[Supplied records — start]

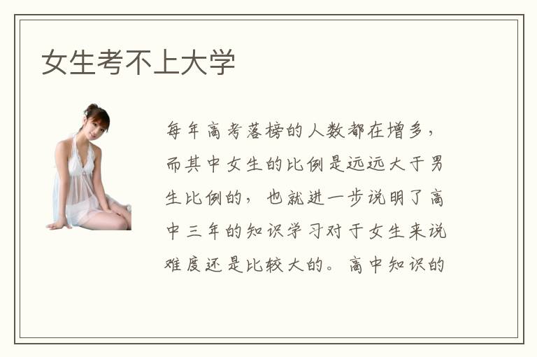 每年高考落榜的人数都在增多,而其中女生的比例是远远大于男生比例的,也就进一步说明了高中三年的知识学习对于女生来说难度还是比较大的。高中知识的学习是需要逻辑思维能力的,尤其是高中的理科,但是就逻辑思维能力而言男生是比较优秀的,这也就造成了很多女生在高考过程中失利的情况。那么,女生考不上大学应该怎么办呢?女生考不上大学可以去哪些平台进行这样学习呢?
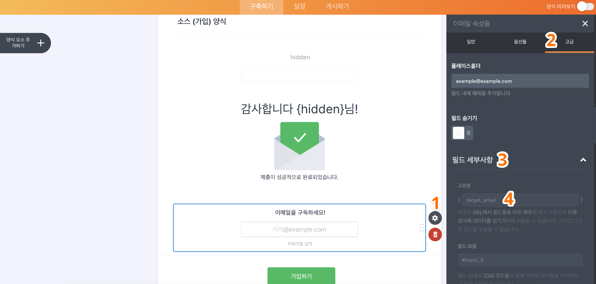 - target_email — 이메일 요소에 대한 대상 양식의 고유명을 키로 사용합니다.
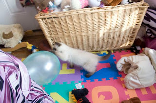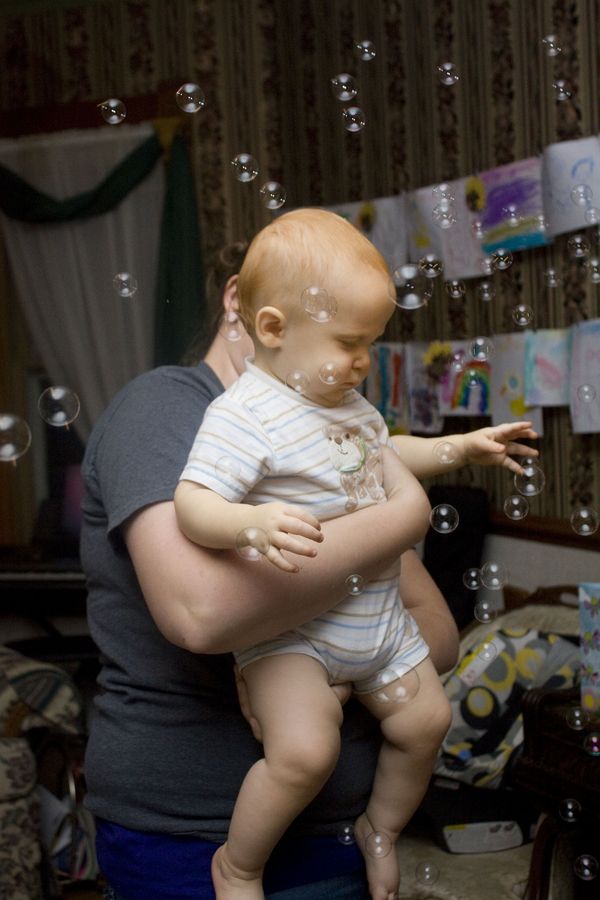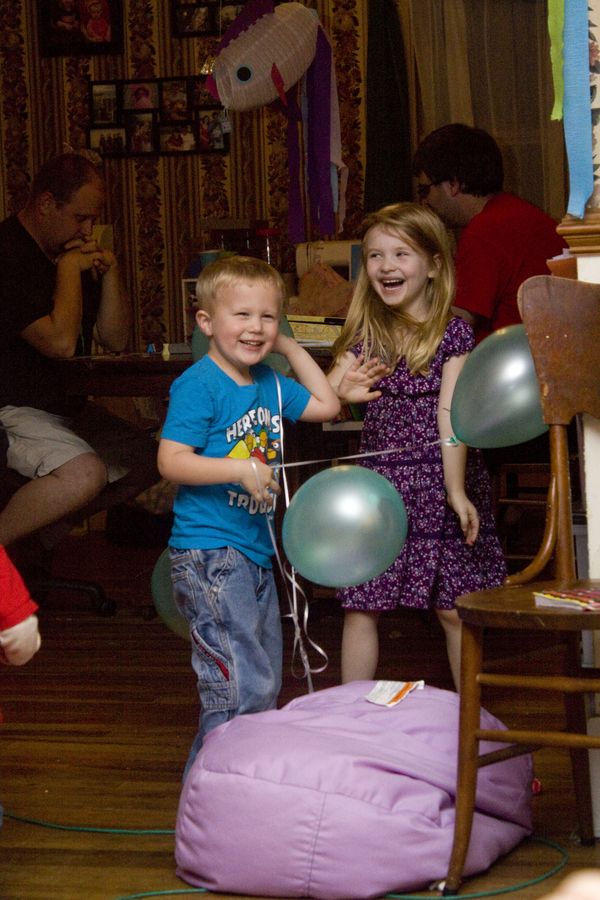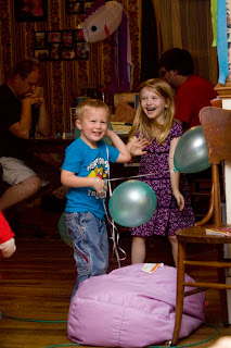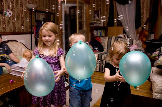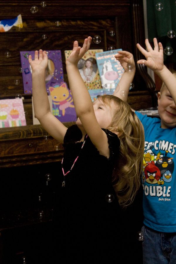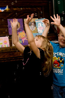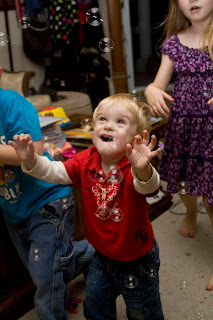I had a bubble machine set up for the girls to play in. They did enjoy it, but we had to turn it off until after the main part of the party. After most of the guests had left I turned it back on for the girls and Stephen. They all had a good time playing in the bubbles. Jasper didn't know what to think of the bubbles, but Eli got in on the action!
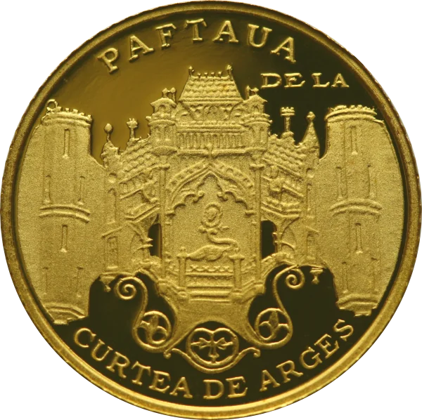 Center: buckle reproduction. Rim: “PAFTAUA DE LA CURTEA DE ARGES” inscription.
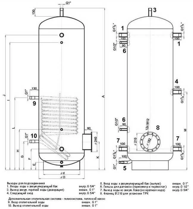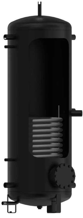 Також передбачена можливість монтажу електричних ТЕНів сумарною потужністю до 21 кВт для додаткового нагріву теплоносія. Бак та теплообмінник виготовлені зі сталі, що забезпечує міцність та довговічність конструкції. Ємність комплектується знімною поліуретановою теплоізоляцією без фреону товщиною 100 мм, яка постачається в окремій упаковці та ефективно мінімізує втрати тепла. Для підключення до системи опалення передбачено п'ять патрубків діаметром 5/4", два патрубки 1" та два патрубки 1/2", що забезпечує гнучкість у конфігурації.
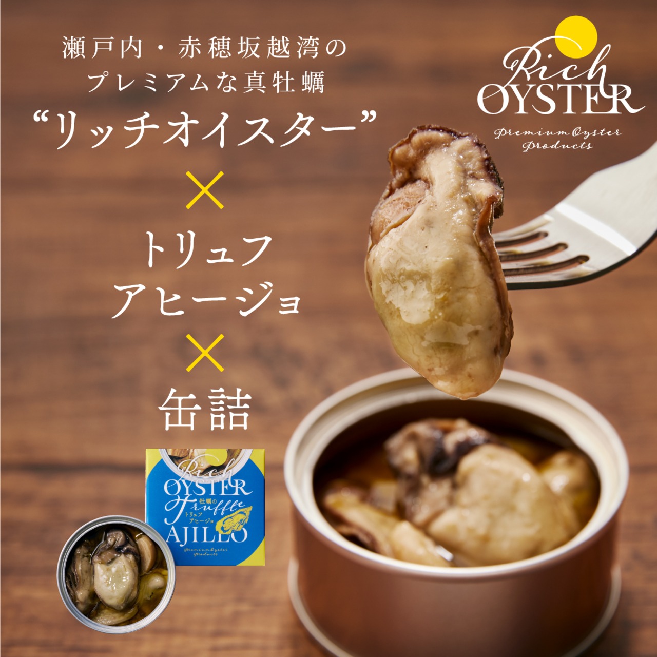 ボリューミーでプリップリ!濃厚なリッチオイスターでトリュフの香りが広がるアヒージョの缶詰!!
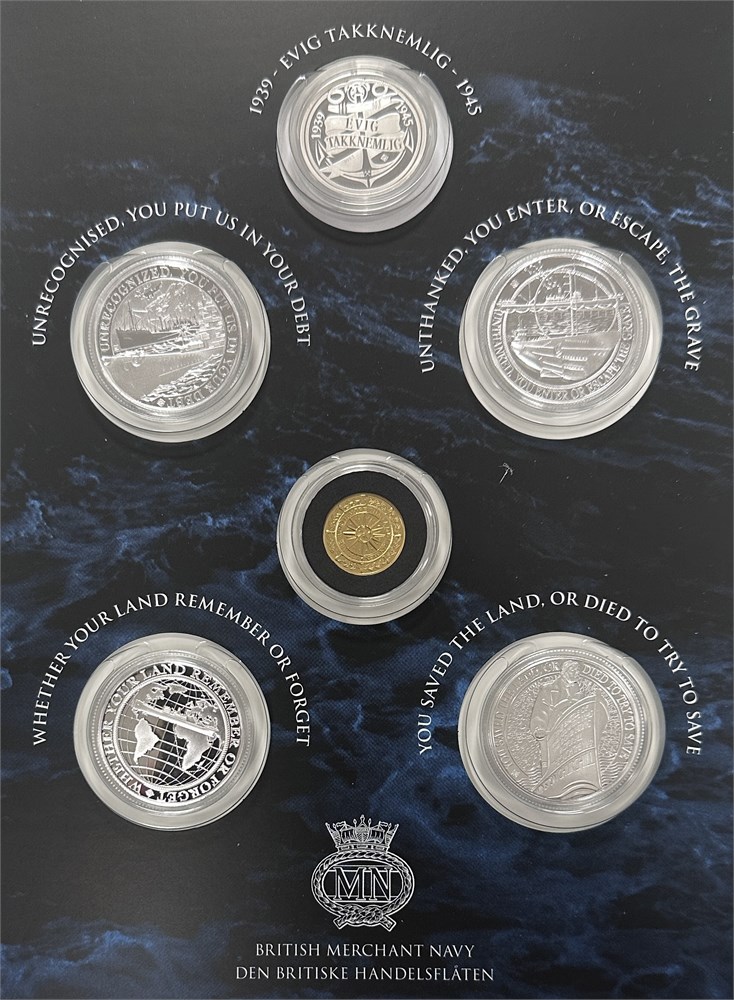 Evig Takknemlig, 1939-1945: Gibraltar, 10 Pounds 2018, Au (999/1000), 3,11 g; 1/2 Crown 2016 (4), Ag (999/1000), 15,55 g; samt medalje, Ag (999/1000), 7,77 g. (6)

[Supplied records — finish]

• **Exercise**
What is needed is an exact copy of the entries, without any images.

• **Solution for this problem**
 每年高考落榜的人数都在增多,而其中女生的比例是远远大于男生比例的,也就进一步说明了高中三年的知识学习对于女生来说难度还是比较大的。高中知识的学习是需要逻辑思维能力的,尤其是高中的理科,但是就逻辑思维能力而言男生是比较优秀的,这也就造成了很多女生在高考过程中失利的情况。那么,女生考不上大学应该怎么办呢?女生考不上大学可以去哪些平台进行这样学习呢?
 - target_email — 이메일 요소에 대한 대상 양식의 고유명을 키로 사용합니다.
I had a bubble machine set up for the girls to play in. They did enjoy it, but we had to turn it off until after the main part of the party. After most of the guests had left I turned it back on for the girls and Stephen. They all had a good time playing in the bubbles. Jasper didn't know what to think of the bubbles, but Eli got in on the action!
 Center: buckle reproduction. Rim: “PAFTAUA DE LA CURTEA DE ARGES” inscription.
 Також передбачена можливість монтажу електричних ТЕНів сумарною потужністю до 21 кВт для додаткового нагріву теплоносія. Бак та теплообмінник виготовлені зі сталі, що забезпечує міцність та довговічність конструкції. Ємність комплектується знімною поліуретановою теплоізоляцією без фреону товщиною 100 мм, яка постачається в окремій упаковці та ефективно мінімізує втрати тепла. Для підключення до системи опалення передбачено п'ять патрубків діаметром 5/4", два патрубки 1" та два патрубки 1/2", що забезпечує гнучкість у конфігурації.
 ボリューミーでプリップリ!濃厚なリッチオイスターでトリュフの香りが広がるアヒージョの缶詰!!
 Evig Takknemlig, 1939-1945: Gibraltar, 10 Pounds 2018, Au (999/1000), 3,11 g; 1/2 Crown 2016 (4), Ag (999/1000), 15,55 g; samt medalje, Ag (999/1000), 7,77 g. (6)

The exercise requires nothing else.